Extricating himself from the marriage was no trouble at all; the couple had married in a church but it was never registered officially with the hôtel de ville: the girl was fifteen. Key never had a girlfriend after that, at least none I’ve met.
Key was soft, which was a delightful trait when he was a child. But over time, his softness became mealy and fungal, until he seemed like a rotted-out, if stately, yacht. Jung, however, had started out hard, and this worked to her advantage — over time, she became shiny and polished like beach glass.

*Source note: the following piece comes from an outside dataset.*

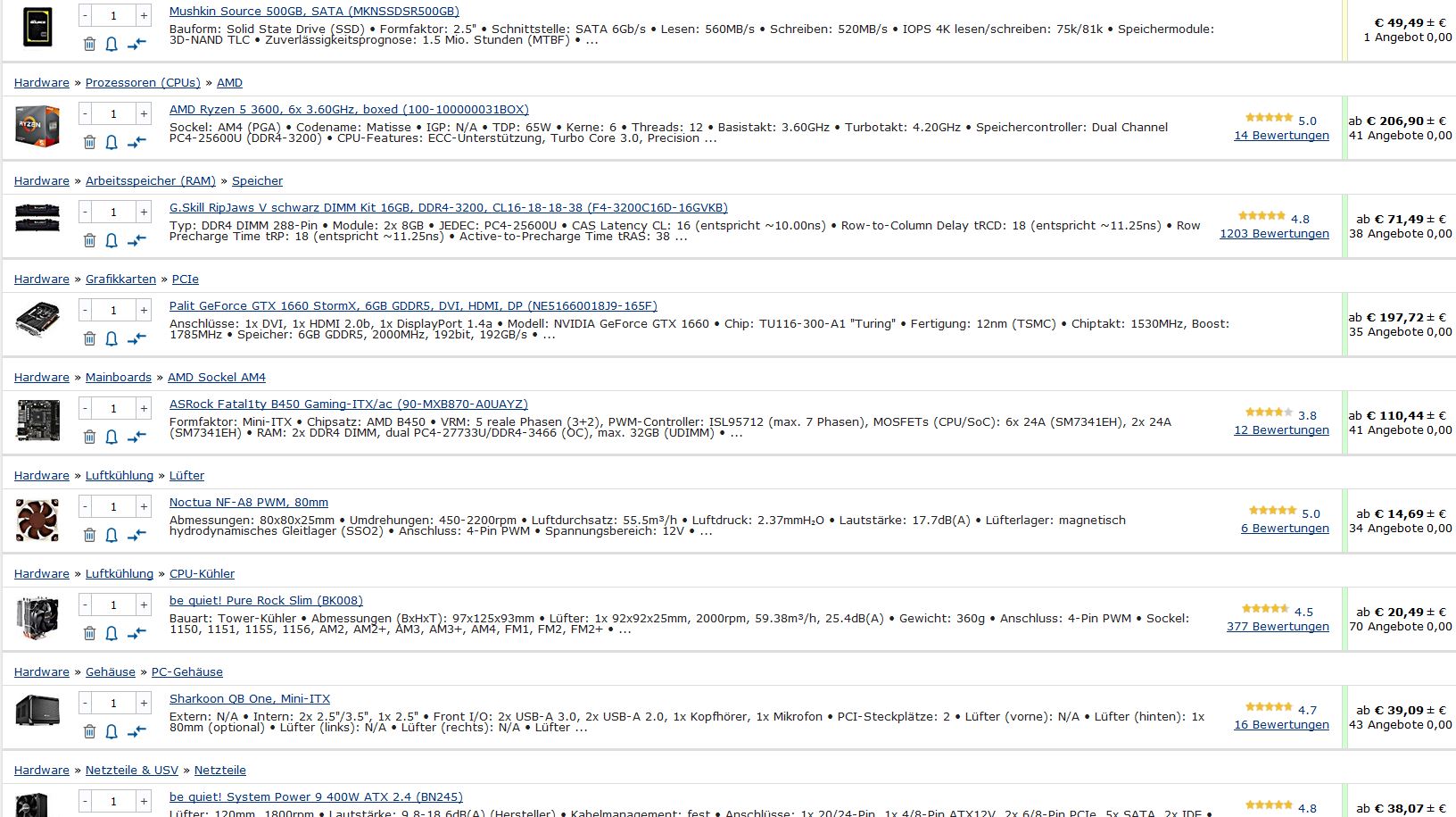 Ich habe meinen Build nochmal stark überarbeitet und ein neues Gehäuse ausgesucht. So komme ich nun doch auf 750 €. Wäre super wenn jemand nochmal was dazu sagen könnte.

When I was little, I would see Jung and Key at the odd family event, where they were treated with a dismissive, superficial acknowledgment. As the twins were provided for by their mother’s family (wealthier than our own), they never made claims on the dwindled Lee fortune, which is perhaps why the Lees tolerated them at all. The twins were always more preened than the rest of us, and observed all family rituals to the letter. I absolutely worshipped Jung and counted the days until some funeral
would allow me to be in her awesome presence. I think that part of what helped Jung survive her childhood, aside from the love of her brother, was the knowledge that she was descended from an important and illustrious family, particularly on her father’s side — my side, the Lee side. The fact of her illegitimacy only strengthened her fascination with her birthright. She and her brother seemed to shrug off the tacit scorn from the Lees, which made them seem all the more gracious in my eyes. They understood that love, while probably a very nice thing indeed, was not the glue that held families like ours together. The Lee name is stronger than love.

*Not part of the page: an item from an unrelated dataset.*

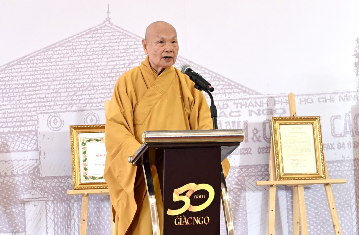Nhân sự kiện đặc biệt này, Trưởng lão Hòa thượng Viên Minh đã tuyên đọc thư chúc mừng của Đức Pháp chủ GHPGVN – Đại lão Hòa thượng Thích Trí Quảng. Trong thư, Ngài ghi nhận Báo Giác Ngộ là cơ quan báo chí Phật giáo có bề dày lịch sử nhất Việt Nam, đồng thời bày tỏ niềm tin tờ báo sẽ tiếp tục giữ vững vị thế là tiếng nói tin cậy của Giáo hội, là người bạn đồng hành “thiện hữu tri thức” của Tăng Ni, Phật tử trong kỷ nguyên thông tin đa dạng.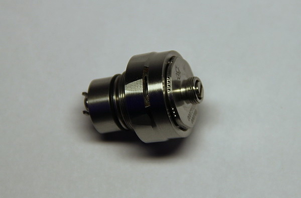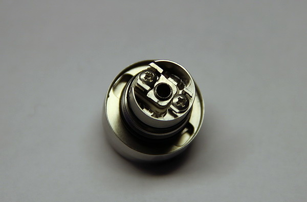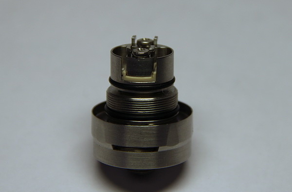 База устройства стала еще проще. Увеличилось отверстие обдува спирали, оно все также одно и находится по центру базы. Есть две стойки, плюсовая с изоляционной проставкой и минусовая, монолитна с корпусом. Спирали в данном баке закручиваются при помощи крестовых винтов. К сожалению, углубление в шляпке под отвертку не очень глубокое и при затягивании винтов, следует быть осторожным, чтобы не сорвать шляпку.

This is what helped Jung get through those winter vacations at boarding school, when she would be stuck in the dorm with all the other kids whose parents didn’t want them home for Christmas. They were an assortment of Eurotrash and American tycoon scions who were banished by evil stepmothers. Jung became their ringleader, convincing them that to be disowned was a status symbol; it meant that your family was old enough and important enough to be concerned about your sullying the family name.

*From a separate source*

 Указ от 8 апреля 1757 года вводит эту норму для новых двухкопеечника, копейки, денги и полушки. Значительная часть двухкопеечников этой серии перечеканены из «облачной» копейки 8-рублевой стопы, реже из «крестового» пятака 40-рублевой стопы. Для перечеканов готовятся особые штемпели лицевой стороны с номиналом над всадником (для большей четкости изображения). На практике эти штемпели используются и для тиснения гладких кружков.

During those isolated winters, those kids would form a small-scale Lord of the Flies–type microcosm, with the kinds of drugs and sex orgies and senseless persecution that would have made Caligula blush. One winter, at Jung’s school in New Hampshire, an Italian kid died accidentally during an erotic asphyxiation session. That particular academy mandated thenceforth that no students would be permitted to stay in the dormitory during winter break. Consequently, Jung’s maternal relatives made her change to a different boarding school that did stay open for Christmas. All that trouble just so they wouldn’t have to see her for three additional weeks of the year. She started up the same bacchanal at her new school, too, again as the ringleader of blue-blood decadence.